The Palaszczuk Government has today published two independent reports into the operation of Supervised Community Accommodation (SCA) programs, run by the Department of Youth Justice.
Overall the reports, by Griffith University and Ernst and Young, show that SCAs provide safe, secure and stable accommodation with significant wrap around services for vulnerable young people.
They also importantly highlight the role SCAs play in re-connecting young people with their families, education and other support services.
Minister for Child Safety, Youth and Women Di Farmer said the reports indicated there have been some good early outcomes from SCAs, but some changes are needed to get the best value out of them.
“SCAs are one of 51 new initiatives we have been implementing and evaluating, underpinned by an unprecedented investment into youth justice of more than $550 million dollars,” she said.
“There is no one thing that will solve the issue of youth crime, and there are certainly no quick fixes – but we have taken youth justice out of the too-hard basket once and for all and we’re committed to doing things the evidence shows works to break the cycle of offending and reoffending.
“The community wants young people to be held to account for their actions, and so do we, but the community also doesn’t want to see young people reoffending.
“There are many positive stories of young people turning their lives around, reconnecting with family, and importantly, not re-offending as a result of the support provided while living in an SCA.
“It’s very early days though, and the reports indicate we need more time to be able to meaningfully evaluate the SCAs to determine their effectiveness and value for money.
“Everything we do in youth justice is focused on keeping the community safe by providing long term solutions to youth crime, but we need to know the initiatives we’re trialling are working.
“Evidence from similar initiatives in other places shows it can take two years for the model to mature.
“We’ll implement the changes recommended in the reports, and give SCAs one more year.
“If SCAs are not proving to be successful upon re-evaluation at the end of next year, we will scrap the program.”
The Ernst and Young report was specifically commissioned to analyse the cost effectiveness of the program but found incomplete, poor and insufficient data prevented reliable conclusions on whether SCAs provide value for money.
One of the key findings of the report is that any analysis of cost effectiveness needs to include avoided costs, including court costs and adult corrective detention, as well as longer term social and economic benefits.
“The reports clearly acknowledge that SCAs have the potential to improve education outcomes, increase employment rates, reduce the likelihood of homelessness and improve connections to family and kin,” Ms Farmer said.

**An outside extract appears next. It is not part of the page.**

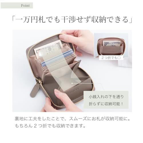 greige [RafiCaro] ミニ財布 お札が折れない 財布 レディース メンズ 二つ折り財布 大容量 じゃばら カードケー

She said the Department of Youth Justice would make changes to the criteria for admission to an SCA to ensure value for money and that they can be used to support young people at risk of entering the youth justice system with a place to stay where they can get support.

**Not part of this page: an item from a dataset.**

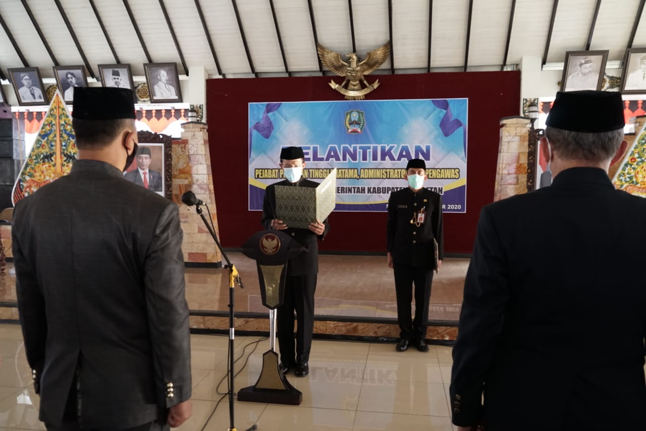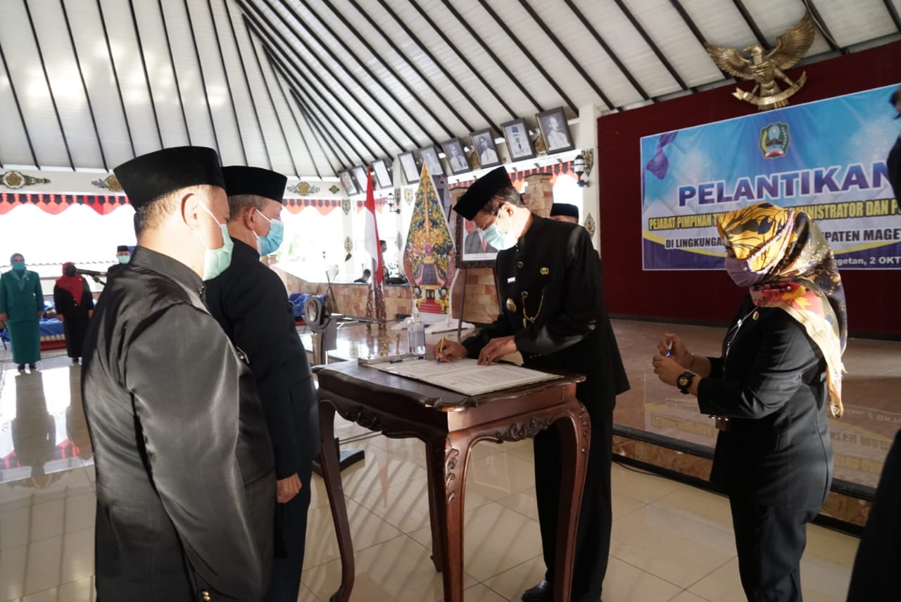 Magetan, Seputarkita – Bupati Magetan Suprawoto melantik dan mengambil sumpah sejumlah pejabat Pimpinan Tinggi Pratama (Eselon II), pejabat Administrator (Eselon III) dan pengawas dilakukan di lingkungan Pemerintah Kabupaten (Pemkab) Magetan. Jum’at (2/10/2020).

“We will consult with other agencies, including Queensland Police, to develop a best practice service model for young people who require emergency accommodation, care and support,” she said.
“We will work with police, courts, other agencies and communities to make critical changes to this program and continue to evaluate whether SCAs are truly working to reduce reoffending and youth crime across Queensland.
“We know that reforming youth justice is challenging, complex and will take time to see lasting results, but this Government is committed to longer term solutions.”